Свадьба Анны | страница 10



Ален явился с цветами и коробкой конфет. Но он принес не просто цветы — ничем не скрепленные, свободные цветы, обернутые бумагой или обвязанные рафией, он не выбрал букет, какие носят, прижав к груди, словно младенца, в какие можно окунуть лицо… Все наоборот: это была шикарная, тщательно продуманная композиция, последний писк моды, как говорится, это были две лилии в вазе, напоминающей лабораторный сосуд, лилии стояли прямо, как солдатики, не клонясь ни вправо, ни влево, в них не было хрупкости, свойственной цветам, не чувствовалось нежности, вазу в узкой части горловины украшало нечто вроде боа из белых перьев, а в воде плавали серебристые блестки… Когда несколько дней спустя лилии увяли и я решила разобрать это неописуемое сооружение, то с ужасом обнаружила, что несчастные цветы не просто так стоят солдатиками — сквозь стебли пропущена стальная проволока, которой и следовало поддерживать их торчком, пока совсем не сгниют.

— Какой великолепный букет, правда, мама? — услышала я от Анны.

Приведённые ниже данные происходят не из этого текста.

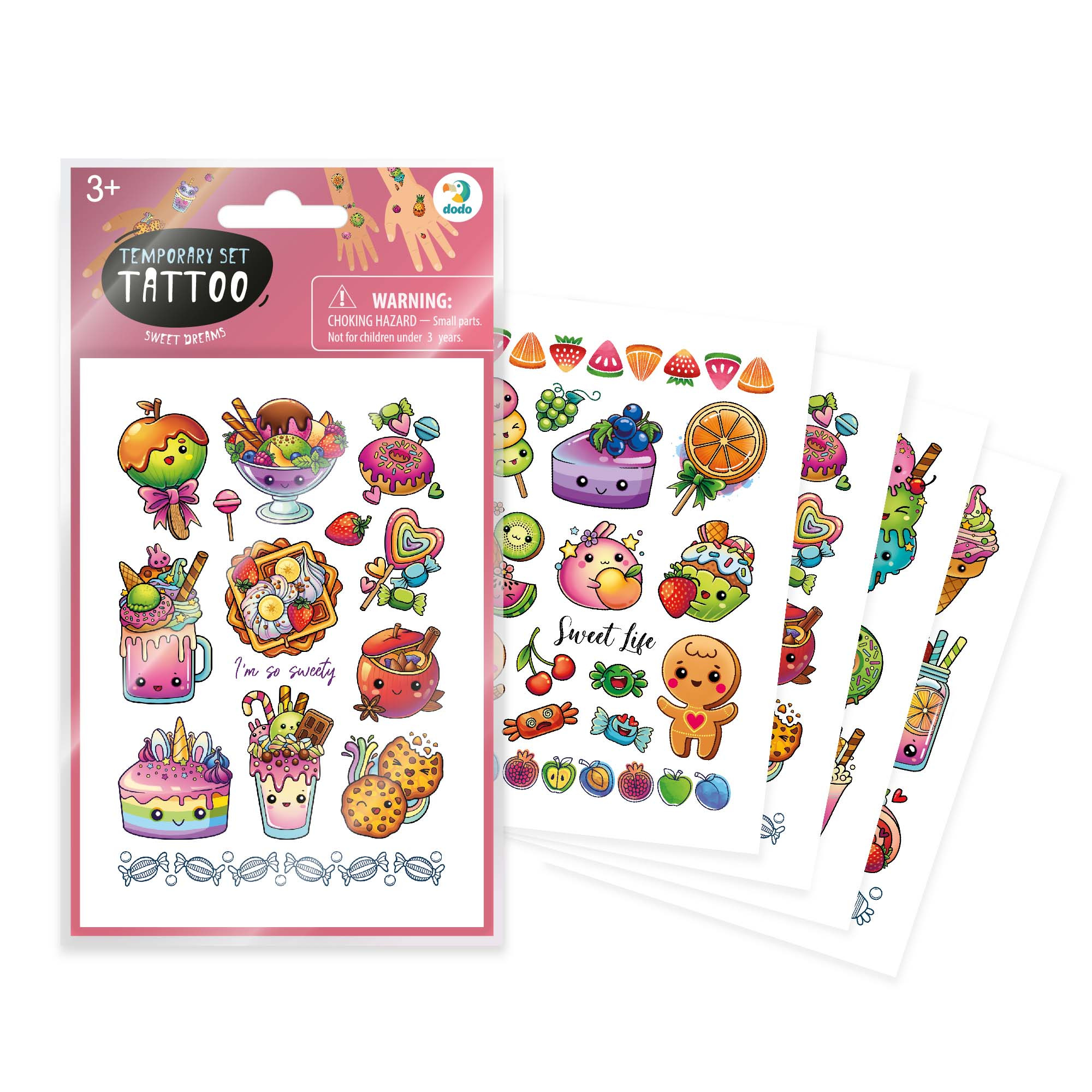 Ozdobte si své tělo krásným barevným tetováním. Vystřihněte vybraný obrázek. Přitiskněte ho na čistou a suchou pokožku Navlhčete ho vodou a po 30ti sekundách odstraňte papírek. Tetování lze odstranit mýdlem nebo olejíčkem. Vybrat si můžete z několika motivů oblíbených cukrovinek. Obsahuje 4 listy tetovaček. Rozměry balení 11,5 x 20 x 0,01 cm. Vhodné pro děti od 3 let.

Откуда у нее эти манеры, этот высокопарный слог! Ничего себе великолепный букет! Что до меня, то мне бы хотелось либо выставить парня за дверь вместе с его презентом, либо расхохотаться прямо ему в физиономию. Но я сдержалась, правда, чувствовала, как горят щеки, — впрочем, может быть, из-за того, что глотнула перед его приходом виски, чтобы чуть расслабиться. Ален говорил мне «мадам», хотя я назвала свое имя и настаивала на том, чтобы по имени он ко мне и обращался, — нет, не получилось. Клетчатый пиджак был очень к лицу гостю, коротко подстриженные волосы оставляли открытым шрамик на лбу. Не поняла, красив он или нет, поняла, что вежлив. Очень вежлив и очень хорошо воспитан. Мне бы хотелось, чтобы он опрокинул соусник, уронил на брюки кусочек мяса, но нет, от него такого не дождешься, не человек — сплошное совершенство, грустно-то как… Единственный сын, родители в разводе. Отец — журналист, пишет книги об Африке, мать — хранительница очага. Да-да, Ален именно так и сказал: «Моя мать — хранительница очага». А я подумала: интересно, когда Анна рассказывала ему обо мне, она сказала — как? «Моя мать — странная и непонятно о чем думает»?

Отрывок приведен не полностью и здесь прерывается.